Knowing that an AI model outperforms a benchmark model is nice, but you want to ensure that this statistical superiority holds up over time. The way to do that is to analyze the AI model’s KS score over time and compare its AUC to your benchmark model across the entire period you used to test the model, using that same target (KS and AUC are common measures of statistical accuracy). Having slight variation between months is okay, but wide variability could indicate an overfitted model.
Here’s an example of what the outcomes of a successful stability tests looks like:
The results on the top show excellent stability over a six-month test period for all three product models. Score accuracy is holding up well. The second chart analyzes the AUC of the AI/ML models (aggregated) against benchmark generic scores over a similar test period. Again, the AI model outperforms the benchmark model consistently over time.

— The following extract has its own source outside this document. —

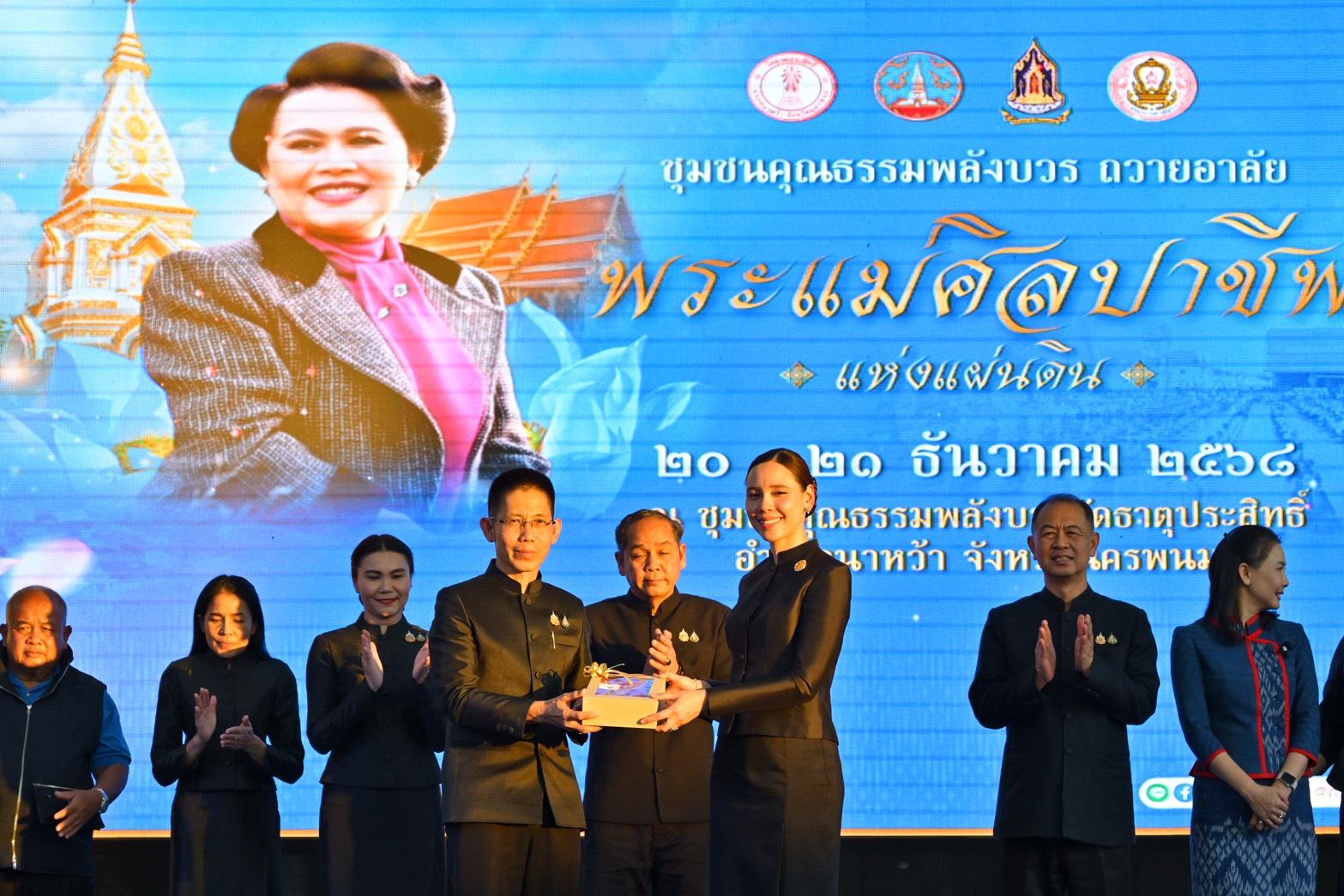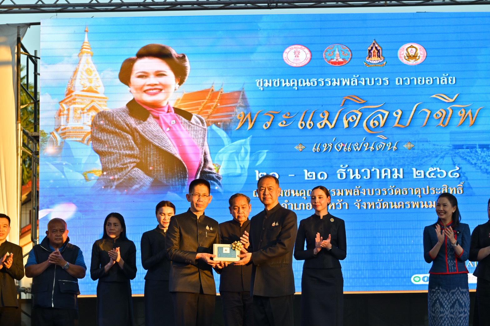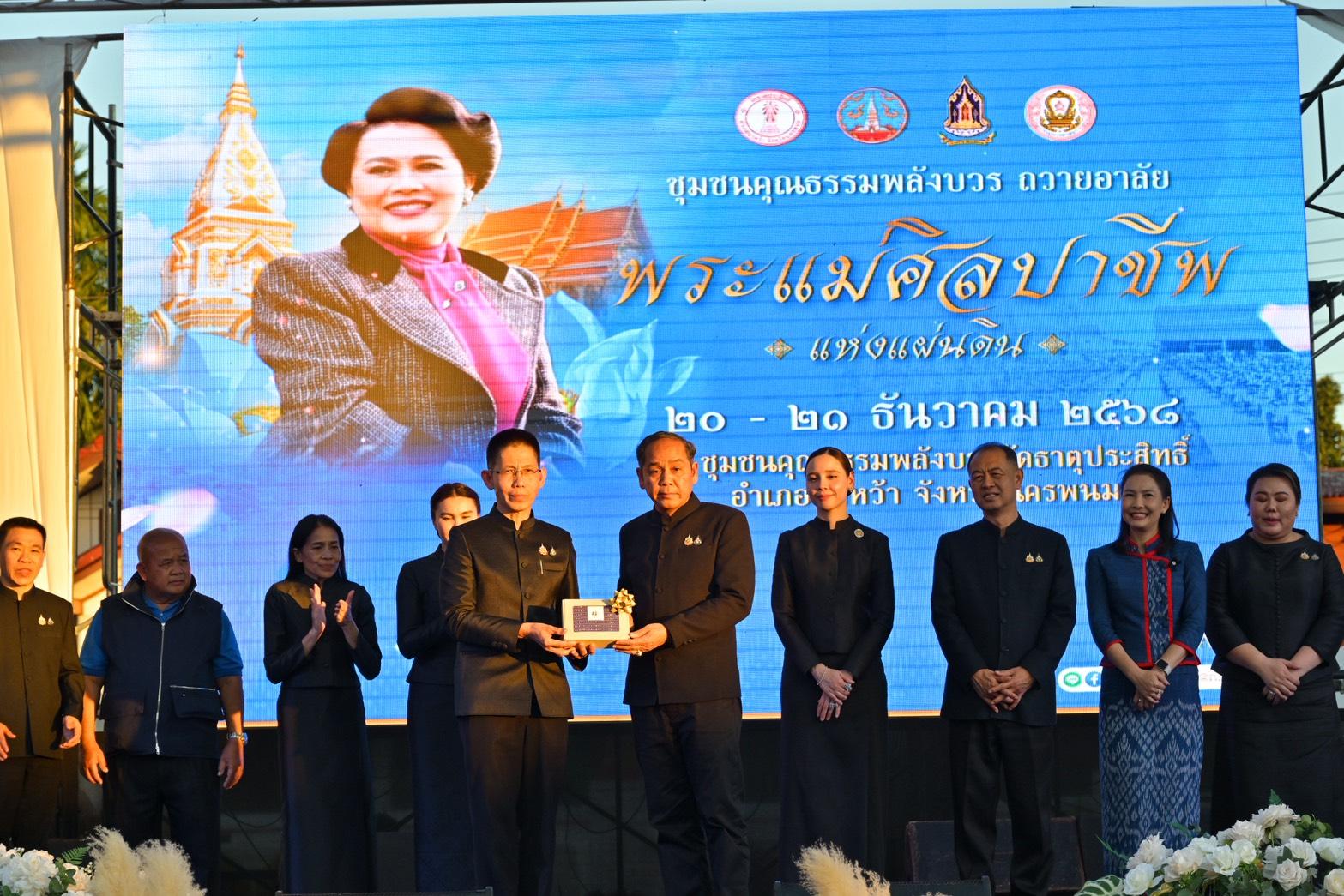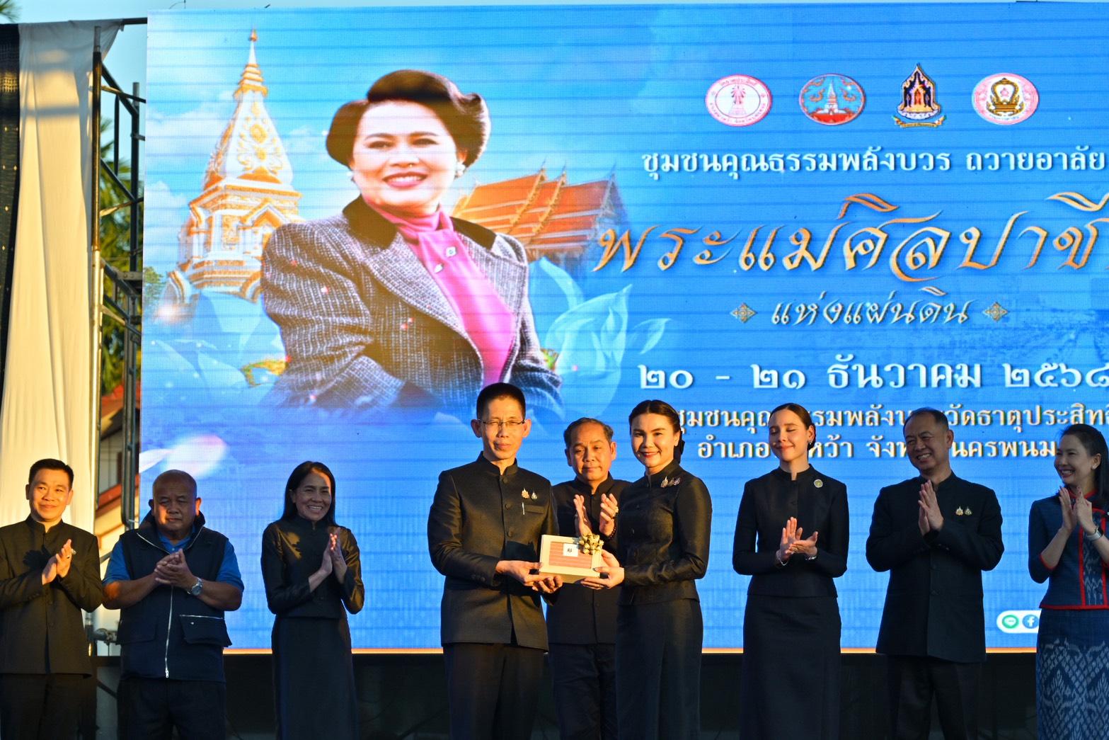 ที่ชุมชนคุณธรรมพลังบวรวัดธาตุประสิทธิ์ อำเภอนาหว้า จังหวัดนครพนม โดยพระราชสิริวัฒน์ เจ้าอาวาสวัดสว่างสุวรรณาราม เจ้าคณะจังหวัดนครพนม เป็นประธานฝ่ายสงฆ์ และนางสาวซาบีดา ไทยเศรษฐ์ รัฐมนตรีว่าการกระทรวงวัฒนธรรม เป็นประธานฝ่ายฆราวาส ในพิธีเปิดงาน “ชุมชนคุณธรรมพลังบวร ถวายอาลัย พระแม่ศิลปาชีพแห่งแผ่นดิน” โดยมี นายประสพ เรียงเงิน ปลัดกระทรวงวัฒนธรรม นายชัยพล สุขเอี่ยม อธิบดีกรมการศาสนา นายวีระ ฤกษ์วาณิชย์กุล รองผู้ว่าราชการจังหวัดนครพนม นางสาวศุภพานี โพธิ์สุ เลขานุการรัฐมนตรีว่าการกระทรวงวัฒนธรรม นางสาวเพชรรัตน์ สายทอง หัวหน้าผู้ตรวจราชการกระทรวงวัฒนธรรม พร้อมด้วยผู้แทนหน่วยงานภาครัฐ ภาคเอกชน สื่อมวลชน และประชาชน เข้าร่วมกิจกรรมอย่างพร้อมเพรียง

You should always ask about model and score stability over time when you’re considering or reviewing an internal or vendor model. Zest AI’s technology builds these kinds of powerful and durable models — even with a limited set of performance data — by using a proprietary reject inference method that uses a rules-based approach to augment the data from funded and unfunded populations on which the models are trained. The result: Resiliency that reduces your need for costly refits or rebuilds.
One small note: Accuracy and performance are not the end of your analysis. You should also be thinking about the cost to document your model and how you will set up performance monitoring to ensure the model is working.
Regarding responsible monitoring, any AI/ML modeling solution you’re looking to buy or build should come with multivariate input monitoring to ensure that the distribution of features in production matches expectations, as well as output monitoring to ensure the score distribution is consistent versus training and your score cut-off decisions are still valid. You’ll also want performance monitoring to highlight the ongoing economic and technical performance of the model.